The peninsula is divided into Game Management Units 7, on the eastern peninsula, and 15A on the northwestern peninsula, 15B in the central western peninsula, and 15C in the southwestern peninsula. While moose aren’t going great guns in any of those units — and, therefore, neither is moose hunting — some areas are doing better than others.
“We believe 15A is still in decline. Fifteen B is kind of a wait and see due to the large fire that occurred there, and 15C we believe we’re stable and maybe, possibly increasing slightly. And in Unit 7 we think we are still having declining moose populations,” Selinger said.
Fish and Game says that habitat is the single biggest limiting factor on the peninsula’s moose population. Forests have matured beyond the point of providing good moose browse, but some areas have been rejuvenated by wildfire. Area 15C has seen several fires in recent years, including the Fox Creek River Fire in 2005, and the Caribou Hills burn in 2007. Last year’s Funny River Fire torched almost 200,000 acres in area 15B, but 15C — home to the most human development — hasn’t had a major wildfire for decades.
“I believe poor habitat conditions are the primary cause for the decreasing moose populations in Units 7 and 15A,” Selinger said. “We are optimistic that the recent burn in 15B will result in improved forage for moose.
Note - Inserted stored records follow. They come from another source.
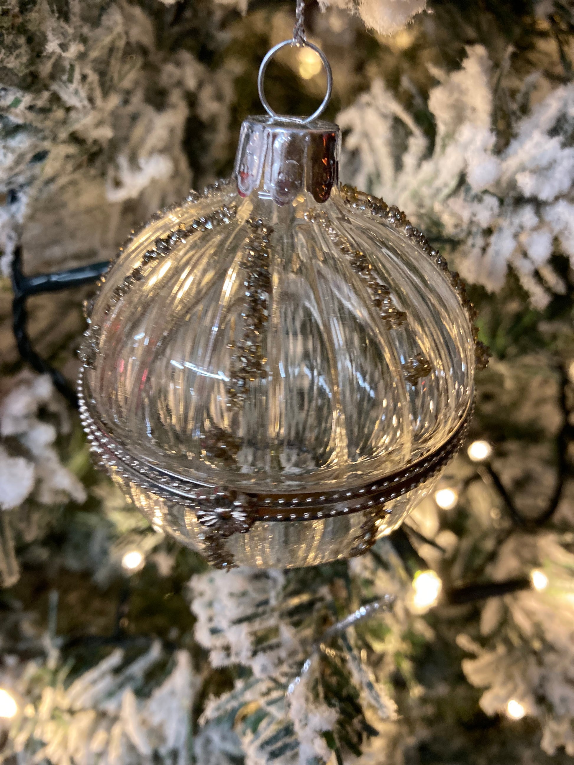 A gorgeous glass bauble decorated with silver glitter. The bauble has a bow detail and opens to be able to fill with a small gift.
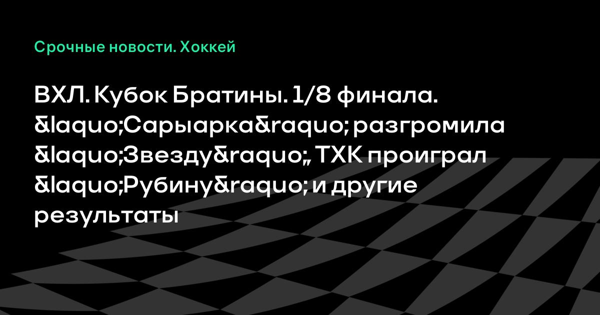 ВХЛ. Кубок Братины. 1/8 финала. «Сарыарка» разгромила «Звезду», ТХК проиграл «Рубину» и другие результаты
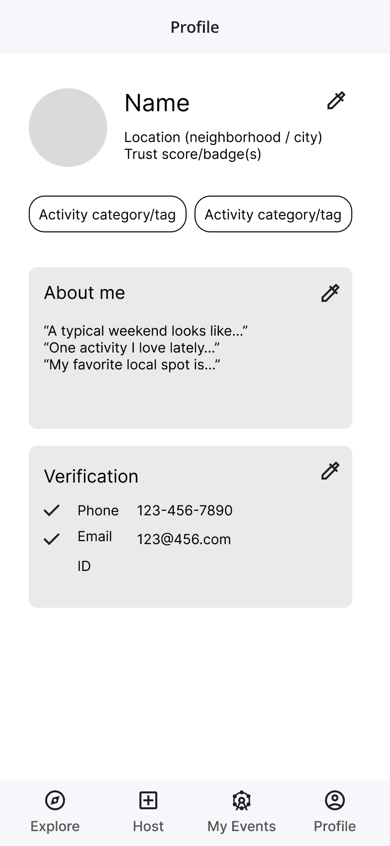Verification badges for safety checks and preference setup help surface activities that feel right, while setting clear expectations for everyone involved.
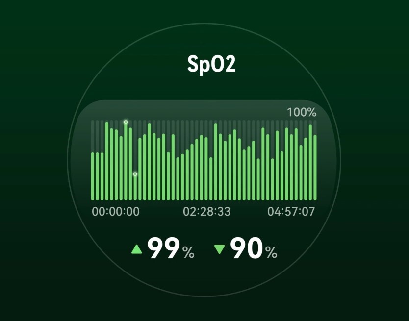 Функція вимірювання SpO₂ дозволяє швидко перевірити стан організму та звернути увагу на дихальну систему.
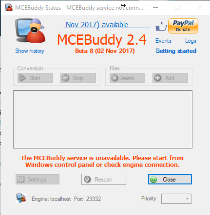 Je reçois maintenant « Le service MCEBuddy n’est pas disponible. Veuillez le démarrer depuis le panneau de configuration Windows ou vérifier la connexion au moteur. » immédiatement après le redémarrage de mon ordinateur.

And I’ll go out on a limb and predict that this area will have more favorable moose habitat than it did prior to the fire.”
The Board of Game enacted an intensive management plan for moose in 15A in 2012, which was revised in 2013. It includes aerial and ground-based wolf predator control measures, and a habitat improvement project. Three female wolves were taken in predator control in 2014, and none have been killed this year.
The habitat improvement project happened in late winter and spring of 2013, with about 85 acres being cleared and 1,000 birch saplings planted. It’s too soon to really gauge the impact of these measures, but no obvious improvements have yet occurred.
“The birch seedlings were successful and moose utilized the area where habitat improvements occurred,” Selinger said. “However, we cannot detect any impacts to the moose or wolf population in 15A from the intensive management actions so far. The main message is that we are dealing with a declining moose population in 15A. I expect this trend to continue, but the rate of decline will likely lessen.”
The Board of Game has enacted increasing moose harvest restrictions on the peninsula over the years to improve the overall moose population, as well as calf-to-cow and bull-to-cow ratios. And a slate of moose proposals faced board members this go-around.
- The general hunting season for moose in units 7 and 15 changed to Sept. 1 to Sept. 25.
- A measure to open a Sept. 1 to Sept. 25 moose hunt for nonresidents in Unit 15C was approved.
- An antlerless moose hunt in Unit 15C, the DM 549 draw permit hunt, open to residents and nonresidents, had its dates changed to Oct. 20 through Nov. 20.
- A proposal to change the bag limit in Units 7 and 15 to bull moose with an antler spread of 50 inches or greater or three or more brow tines on one side, failed. The current harvest restriction will remain in place, with bulls with 50-inch or greater antlers or four brow tines on a side, and spike moose.
- Eliminating all early and late season start dates for weapons-restricted hunts in Unit 15 failed. As did a proposal to open a seven-day archery season following the general season in Units 7 and 15.
- And a new registration hunt from Oct. 15 to March 31 in Unit 15C was created, to target problem moose in high vehicle-moose collision stretches of road during the winter.